As much as we like to think of it as our own modern creation, globalization is a Mediterranean invention. It is as old as Mediterranean trade itself and was developed by Phoenicians, Greeks, Catalans and other navigators of the middle sea—the original mercantile peoples. Sailing into one another’s ports, buying, selling and trading for centuries, these merchants built the systems of commercial maritime exchange that made these cities great. It’s not hard to think of the region as an early prototype of the Internet—a network of maritime links feeding into the common life of the sea. When the Mediterranean was called Mare Nostrum—“Our Sea”—the world really was connected.
And what connected it was not just trade but ideas as well. Along with the exotic goods set down on wharves came exotic concepts—foreign philosophies, new religions, peculiar foods, unknown music, strange hairstyles. The result was that the port dwellers grew outward-looking.
So it is today that the peoples of the Mediterranean sometimes have more in common with one another than they do with their own hinterlands. No one could say that Paris even vaguely resembles Cairo. Yet walk through the streets of Alexandria and it is oddly reminiscent of Marseille, the port city I live near. There is a shared character across this sea, a common way of looking at the world. But if the Mediterranean is a liquid medium of human exchange, that is not the whole story. An equally distinguishing attribute of the Mediterranean makeup is uniquely personal and insular—the ability of every Mediterranean to connect intimately with his or her surroundings.
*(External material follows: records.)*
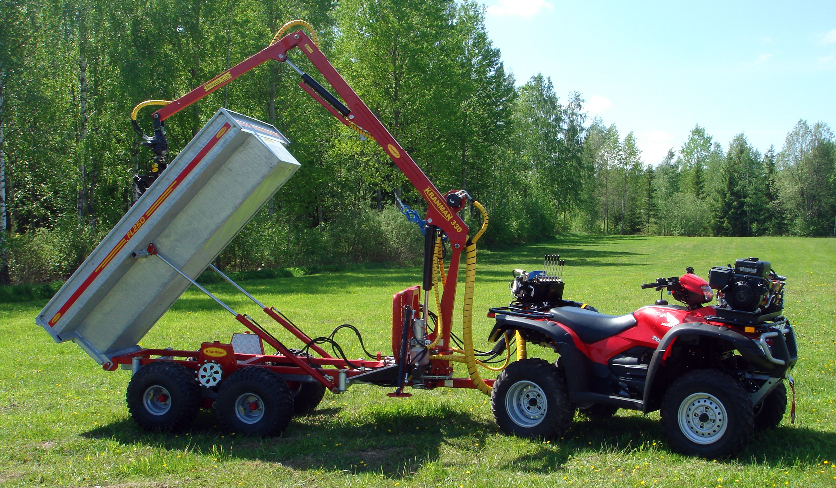 FL250 hydraulikippilava on monitoiminen lisälaite sinun koura kuormaajaan. Lava on asennettu tukevaan runkoon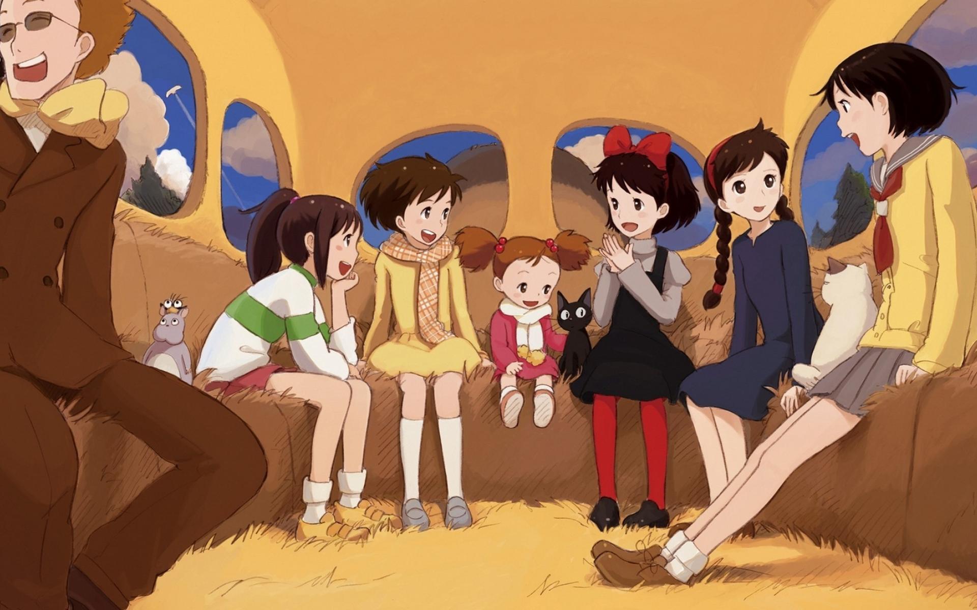 Wallpaper Children on the bus in the anime Kiki`s Delivery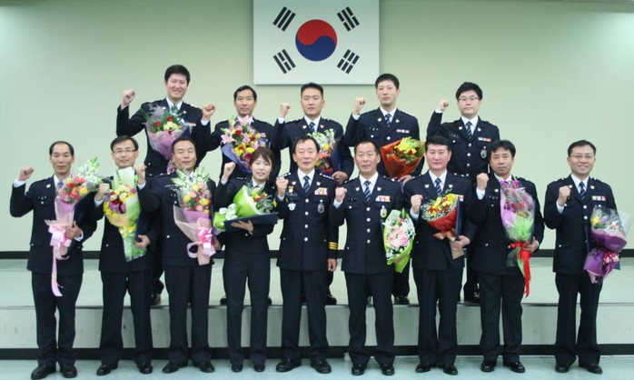 | ▲ 승진 임용식 참가자들이 기념촬영을 하고 있다. | ||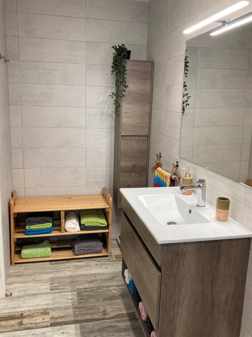 Este apartamento con aire acondicionado consta de 3 dormitorios, una sala de estar, una cocina totalmente equipada con nevera y cafetera, y 2 baños con ducha y secador de pelo. Hay toallas y ropa de cama en el apartamento.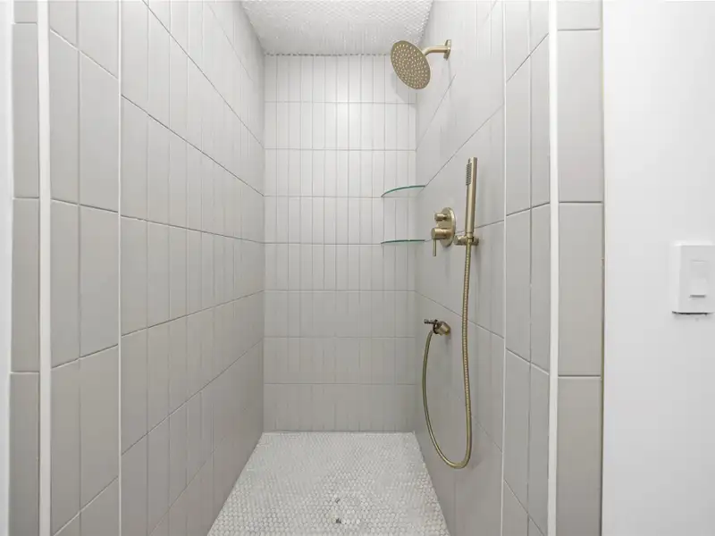 - Primary bath with walk-in glass shower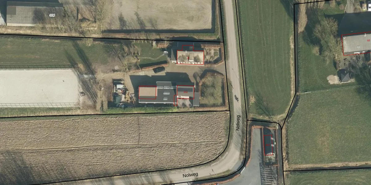 Het perceel waarop Nolweg 31-Z staat heeft een oppervlakte van 2,3 ha. Dit is een zeer groot perceel. De perceeloppervlakte wordt geregistreerd door het Kadaster. Gedetailleerde informatie over de maten van dit perceel kunt u vinden in het rapport Kadastrale kaart met maatvoering van Nolweg 31-Z.

It is an internalized art that comes from a long history of fierce local attachment. Mediterraneans answer to the strong flavors of the landscapes they grow up in, to tradition, ritual and family ties, to cyclical rhythms of work and the seasons. And from these strong attachments grow a life of the senses that gives each existence meaning and substance.
Which predominates, Mediterranean connectivity or individualism? More often than not, they seem to work in tandem. Together they can produce cultural triumphs as complex as Leonardo’s Virgin and Child with St. Anne or as simple as a meal of risotto and chilled rosé. And when they work against each other, they can be destructive. The prospects of economic meltdown in southern Europe or civil conflict in Syria are no less part of that discord than the ancient wars of Rome and Carthage.
But the fact remains, the Mediterranean spirit is everywhere and continues to drive change. Much has been transformed since upper-class Victorians made the area a high point of any Grand Tour of Europe. Yet we follow in their footsteps even today, and for the same reasons: This is a place that not only speaks of a rich cultural legacy but also celebrates the sheer enjoyment of physical pleasure. And if one fails to find that spirit in the quaint fishing port we all still dream of, one will certainly find it elsewhere. It is alive and well wherever the olive tree grows.